## DATA IN THIS EXERCISE
◇ ◇ ◇ ◇

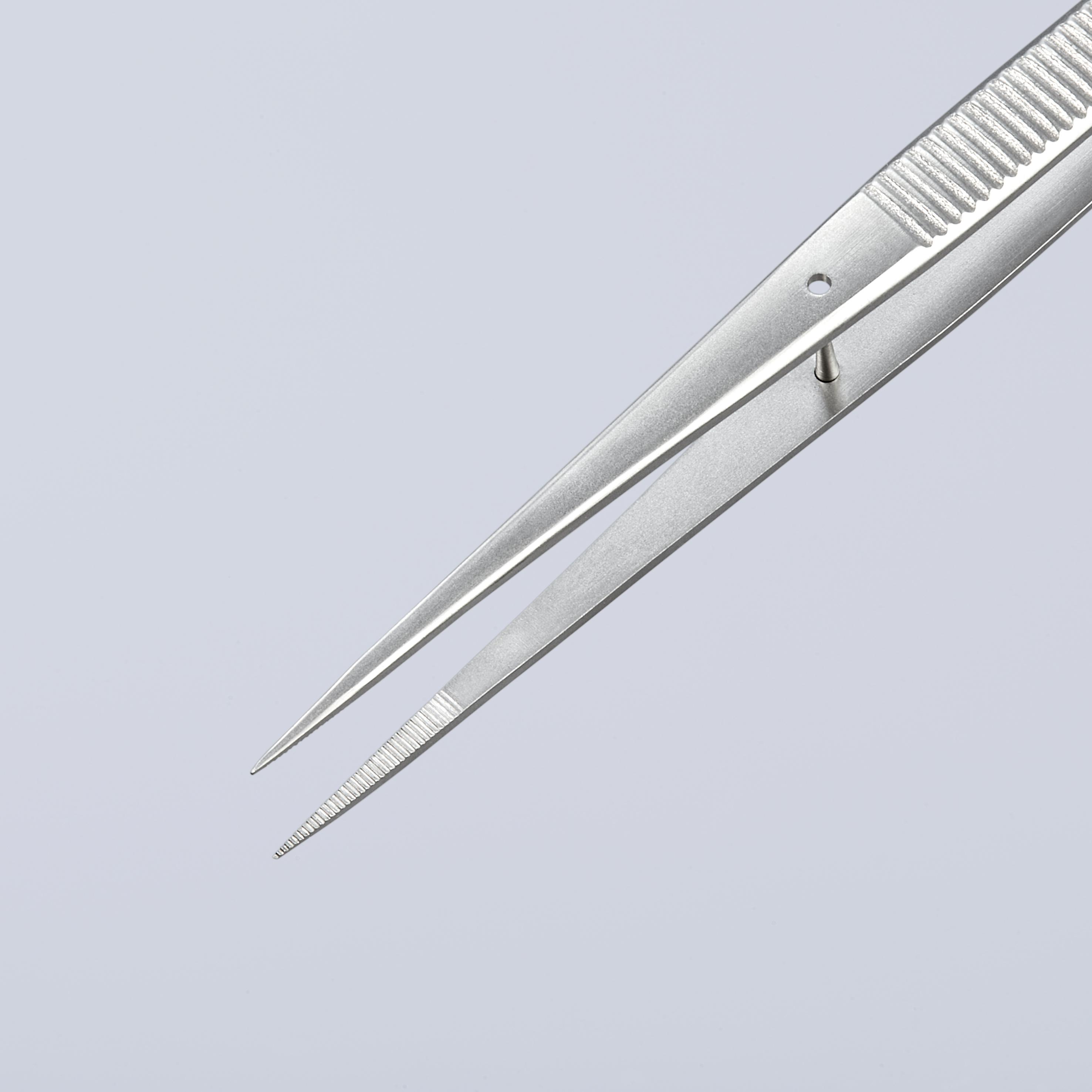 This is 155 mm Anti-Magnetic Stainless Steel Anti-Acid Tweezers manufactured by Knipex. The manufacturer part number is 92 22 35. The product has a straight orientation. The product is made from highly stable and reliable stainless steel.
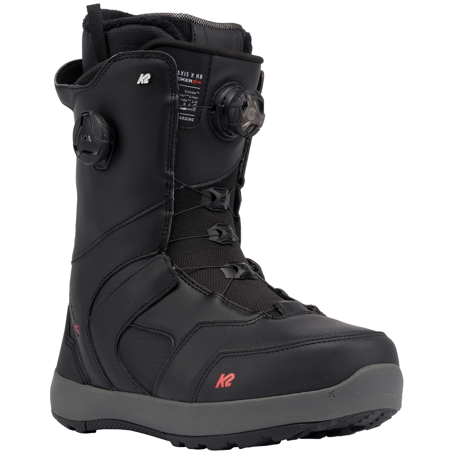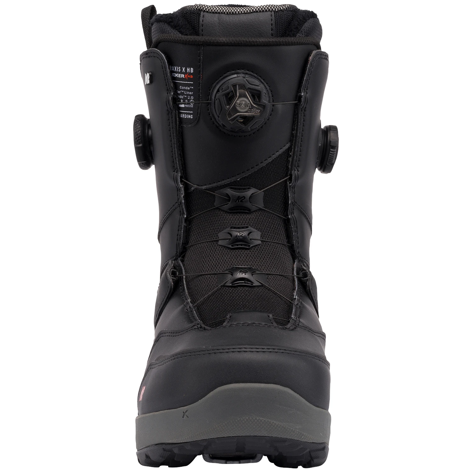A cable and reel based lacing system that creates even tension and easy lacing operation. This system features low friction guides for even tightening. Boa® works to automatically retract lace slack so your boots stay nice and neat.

◇ ◇ ◇ ◇

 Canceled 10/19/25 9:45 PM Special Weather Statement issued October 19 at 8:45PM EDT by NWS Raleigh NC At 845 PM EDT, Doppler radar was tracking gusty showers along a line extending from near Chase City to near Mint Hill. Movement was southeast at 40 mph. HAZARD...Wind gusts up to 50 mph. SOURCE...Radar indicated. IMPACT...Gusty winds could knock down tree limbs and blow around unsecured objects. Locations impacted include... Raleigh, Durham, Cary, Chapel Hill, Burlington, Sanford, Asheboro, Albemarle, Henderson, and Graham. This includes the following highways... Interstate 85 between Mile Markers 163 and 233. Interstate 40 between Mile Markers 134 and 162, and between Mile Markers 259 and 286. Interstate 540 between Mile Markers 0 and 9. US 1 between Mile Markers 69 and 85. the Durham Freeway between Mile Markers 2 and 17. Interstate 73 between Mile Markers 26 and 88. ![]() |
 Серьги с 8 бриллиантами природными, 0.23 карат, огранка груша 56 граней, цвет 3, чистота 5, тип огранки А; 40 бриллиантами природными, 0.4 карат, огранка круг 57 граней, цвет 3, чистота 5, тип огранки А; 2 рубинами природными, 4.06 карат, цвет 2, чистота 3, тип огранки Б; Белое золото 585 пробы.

◇ ◇ ◇ ◇

## WHAT YOU ARE ASKED TO DO
All that is wanted is the lines above between the one containing "This is 155" and the one containing "A cable and", inclusive, restated word for word, with pictures omitted.

## EXERCISE ANSWER
 This is 155 mm Anti-Magnetic Stainless Steel Anti-Acid Tweezers manufactured by Knipex. The manufacturer part number is 92 22 35. The product has a straight orientation. The product is made from highly stable and reliable stainless steel.
A cable and reel based lacing system that creates even tension and easy lacing operation. This system features low friction guides for even tightening. Boa® works to automatically retract lace slack so your boots stay nice and neat.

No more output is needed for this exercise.